→ THE DATA
Segment Open

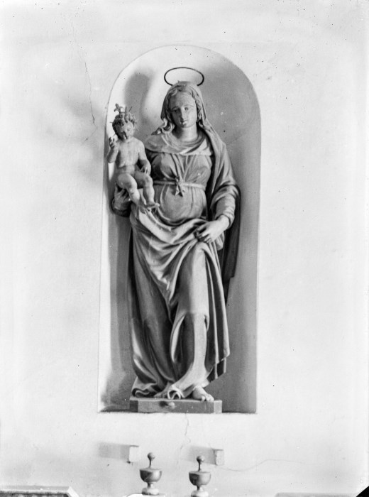 Riproduzione fotografica di una statua di "Madonna con Bambino" inserita in una nicchia nella parete, probabilmente, di un edificio sacro.
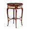 Tavolino/bacheca di forma sagomata in legno di mogano.
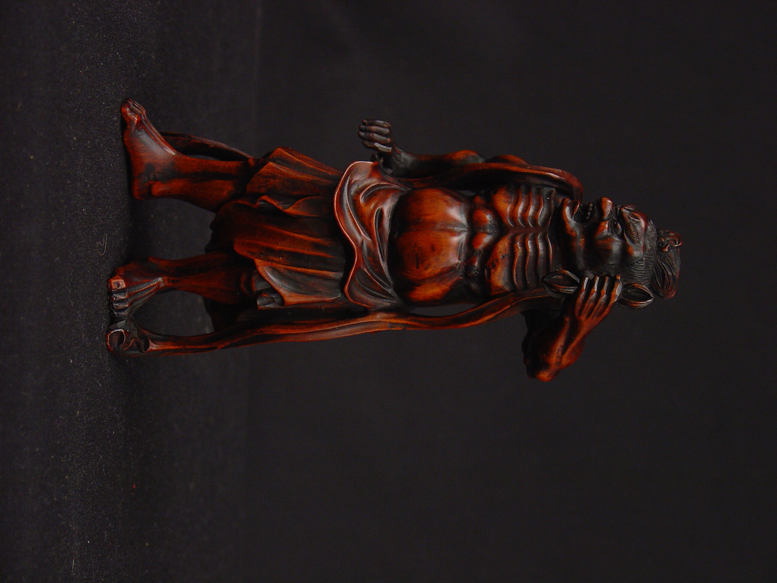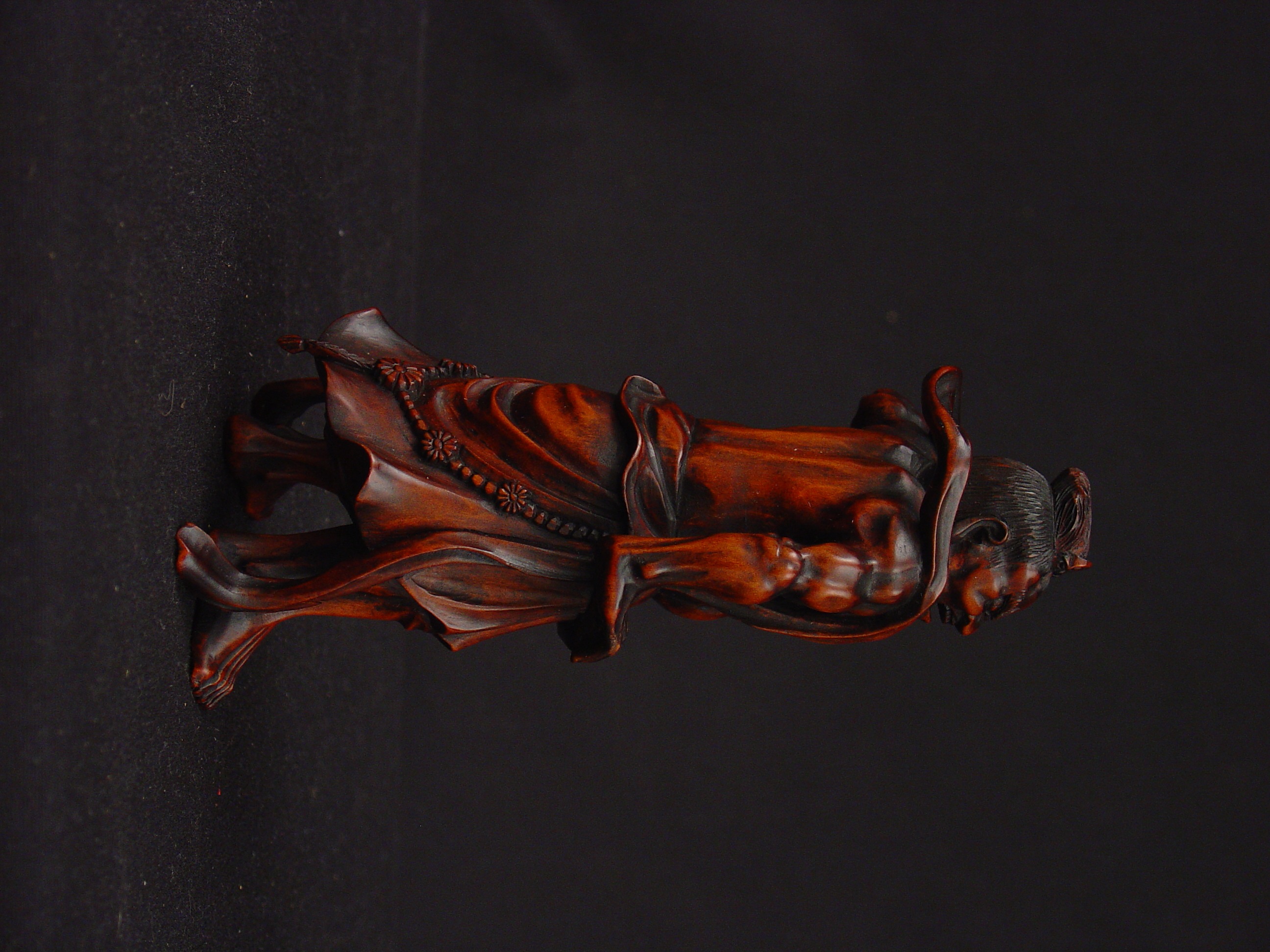 The okimono, meaning “object of display,” is a Japanese model or free-standing figure that developed from the smaller netsukes, which were clothing fasteners that appeared as three-dimensional carved figures or flattened and engraved buttons or boxes. As okimono were ornamental pieces, they were frequent exports for western markets. They took on various sizes and were typically carved from wood or ivory.
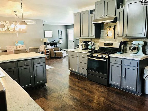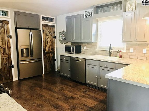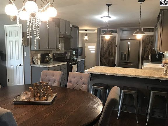 You'll love this sprawling ranch home located in the heart of Moundridge. Surrounded by trees and a huge secluded lot with an open kitchen plan and spectacular design finishes. 4 bedrooms with an extra sleeping room in the basement, 2 bathrooms, a bonus room for hobbies and a basement that is an entertainers dream....

Segment Closed

→ WHAT IS EXPECTED
Copy all of the data word for word, and keep the pictures out of it.

→ SOLUTION TO THIS EXERCISE
 Riproduzione fotografica di una statua di "Madonna con Bambino" inserita in una nicchia nella parete, probabilmente, di un edificio sacro.
 Tavolino/bacheca di forma sagomata in legno di mogano.
 The okimono, meaning “object of display,” is a Japanese model or free-standing figure that developed from the smaller netsukes, which were clothing fasteners that appeared as three-dimensional carved figures or flattened and engraved buttons or boxes. As okimono were ornamental pieces, they were frequent exports for western markets. They took on various sizes and were typically carved from wood or ivory.
 You'll love this sprawling ranch home located in the heart of Moundridge. Surrounded by trees and a huge secluded lot with an open kitchen plan and spectacular design finishes. 4 bedrooms with an extra sleeping room in the basement, 2 bathrooms, a bonus room for hobbies and a basement that is an entertainers dream....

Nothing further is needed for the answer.